*** RECORDS FOR THE TASK ***

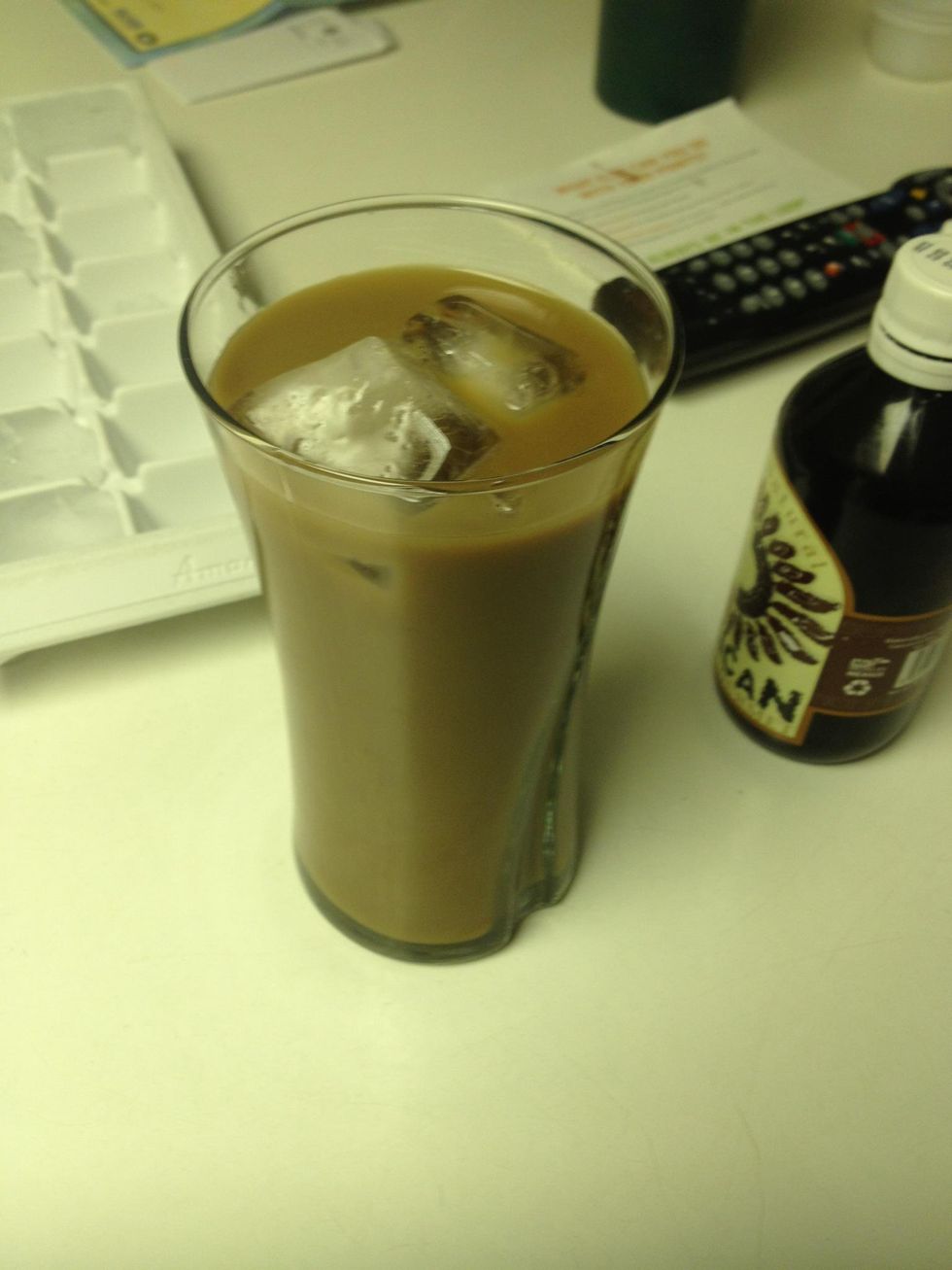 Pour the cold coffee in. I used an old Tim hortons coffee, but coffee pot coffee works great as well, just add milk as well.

***
*** RECORDS FOR THE TASK ***

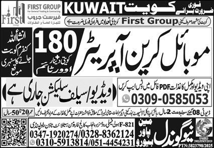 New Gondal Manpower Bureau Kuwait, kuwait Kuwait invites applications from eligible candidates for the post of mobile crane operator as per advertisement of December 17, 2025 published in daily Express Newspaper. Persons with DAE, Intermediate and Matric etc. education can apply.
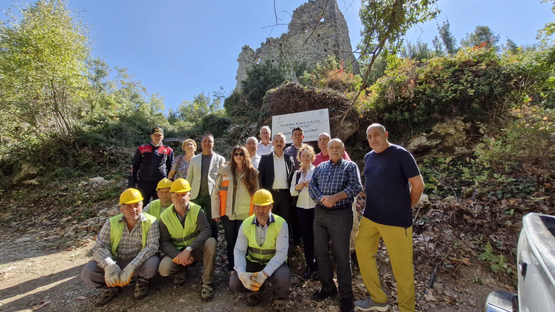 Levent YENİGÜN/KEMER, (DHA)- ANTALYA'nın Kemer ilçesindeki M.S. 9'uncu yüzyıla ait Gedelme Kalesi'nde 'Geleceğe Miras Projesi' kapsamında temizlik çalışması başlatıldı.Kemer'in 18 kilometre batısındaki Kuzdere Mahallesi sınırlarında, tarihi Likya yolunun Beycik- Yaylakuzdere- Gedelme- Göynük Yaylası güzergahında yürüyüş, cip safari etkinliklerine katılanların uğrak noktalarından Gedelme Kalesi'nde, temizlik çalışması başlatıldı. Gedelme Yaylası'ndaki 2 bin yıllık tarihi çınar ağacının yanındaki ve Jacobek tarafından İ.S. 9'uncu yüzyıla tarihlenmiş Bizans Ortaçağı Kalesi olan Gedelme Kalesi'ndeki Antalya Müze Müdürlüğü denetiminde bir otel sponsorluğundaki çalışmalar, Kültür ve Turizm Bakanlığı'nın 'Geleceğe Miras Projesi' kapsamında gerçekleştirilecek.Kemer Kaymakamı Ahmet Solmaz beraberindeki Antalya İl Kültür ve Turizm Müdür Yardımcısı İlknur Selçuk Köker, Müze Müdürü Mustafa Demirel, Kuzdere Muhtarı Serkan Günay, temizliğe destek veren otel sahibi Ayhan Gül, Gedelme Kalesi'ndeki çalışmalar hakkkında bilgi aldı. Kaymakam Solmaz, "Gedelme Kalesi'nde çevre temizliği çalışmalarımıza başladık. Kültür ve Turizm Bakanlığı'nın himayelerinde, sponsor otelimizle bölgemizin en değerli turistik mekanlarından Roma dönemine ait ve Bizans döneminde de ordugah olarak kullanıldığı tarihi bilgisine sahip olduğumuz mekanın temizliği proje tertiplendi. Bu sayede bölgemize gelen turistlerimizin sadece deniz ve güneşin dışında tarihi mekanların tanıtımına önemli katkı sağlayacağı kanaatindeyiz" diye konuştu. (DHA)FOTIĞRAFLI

***

▶ _PROBLEM_
Working from the data above, repeat exactly, and only, the lines that begin at the line containing "New Gondal Manpower" and stop after the line containing "Levent YENİGÜN/KEMER, (DHA)- ANTALYA'nın"; pictures are not copied.

▶ _TASK ANSWER_
 New Gondal Manpower Bureau Kuwait, kuwait Kuwait invites applications from eligible candidates for the post of mobile crane operator as per advertisement of December 17, 2025 published in daily Express Newspaper. Persons with DAE, Intermediate and Matric etc. education can apply.
 Levent YENİGÜN/KEMER, (DHA)- ANTALYA'nın Kemer ilçesindeki M.S. 9'uncu yüzyıla ait Gedelme Kalesi'nde 'Geleceğe Miras Projesi' kapsamında temizlik çalışması başlatıldı.Kemer'in 18 kilometre batısındaki Kuzdere Mahallesi sınırlarında, tarihi Likya yolunun Beycik- Yaylakuzdere- Gedelme- Göynük Yaylası güzergahında yürüyüş, cip safari etkinliklerine katılanların uğrak noktalarından Gedelme Kalesi'nde, temizlik çalışması başlatıldı. Gedelme Yaylası'ndaki 2 bin yıllık tarihi çınar ağacının yanındaki ve Jacobek tarafından İ.S. 9'uncu yüzyıla tarihlenmiş Bizans Ortaçağı Kalesi olan Gedelme Kalesi'ndeki Antalya Müze Müdürlüğü denetiminde bir otel sponsorluğundaki çalışmalar, Kültür ve Turizm Bakanlığı'nın 'Geleceğe Miras Projesi' kapsamında gerçekleştirilecek.Kemer Kaymakamı Ahmet Solmaz beraberindeki Antalya İl Kültür ve Turizm Müdür Yardımcısı İlknur Selçuk Köker, Müze Müdürü Mustafa Demirel, Kuzdere Muhtarı Serkan Günay, temizliğe destek veren otel sahibi Ayhan Gül, Gedelme Kalesi'ndeki çalışmalar hakkkında bilgi aldı. Kaymakam Solmaz, "Gedelme Kalesi'nde çevre temizliği çalışmalarımıza başladık. Kültür ve Turizm Bakanlığı'nın himayelerinde, sponsor otelimizle bölgemizin en değerli turistik mekanlarından Roma dönemine ait ve Bizans döneminde de ordugah olarak kullanıldığı tarihi bilgisine sahip olduğumuz mekanın temizliği proje tertiplendi. Bu sayede bölgemize gelen turistlerimizin sadece deniz ve güneşin dışında tarihi mekanların tanıtımına önemli katkı sağlayacağı kanaatindeyiz" diye konuştu. (DHA)FOTIĞRAFLI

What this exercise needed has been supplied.